(The data):
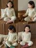 Conjunto de Pijama Infantil Qiu Duo Meng 2026 Primavera e Outono Novo Desenho Animado Roupa de Casa Conjunto de Duas Peças Infantil Fofo Tendência
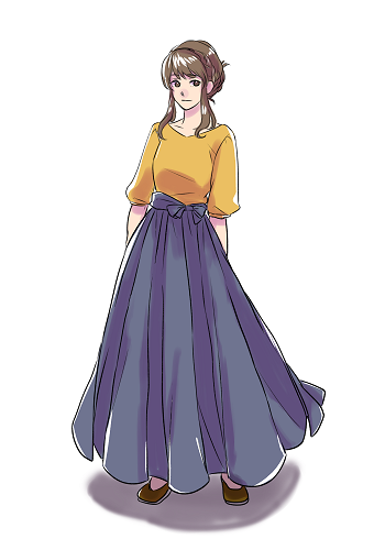 另外,(从下面看)构图中的裙子如果意识到后侧的下摆,就能表现出深度。
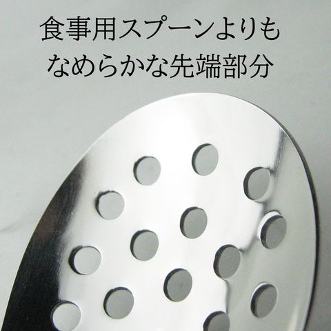一般的な食事用スプーンよりなめらかな先端部分で食べ物やスープをしっかりとすくうことができる。

(Goal of the exercise):
Would you please transcribe the listing in full, exactly, while omitting the images?

(Solved problem):
 Conjunto de Pijama Infantil Qiu Duo Meng 2026 Primavera e Outono Novo Desenho Animado Roupa de Casa Conjunto de Duas Peças Infantil Fofo Tendência
 另外,(从下面看)构图中的裙子如果意识到后侧的下摆,就能表现出深度。
一般的な食事用スプーンよりなめらかな先端部分で食べ物やスープをしっかりとすくうことができる。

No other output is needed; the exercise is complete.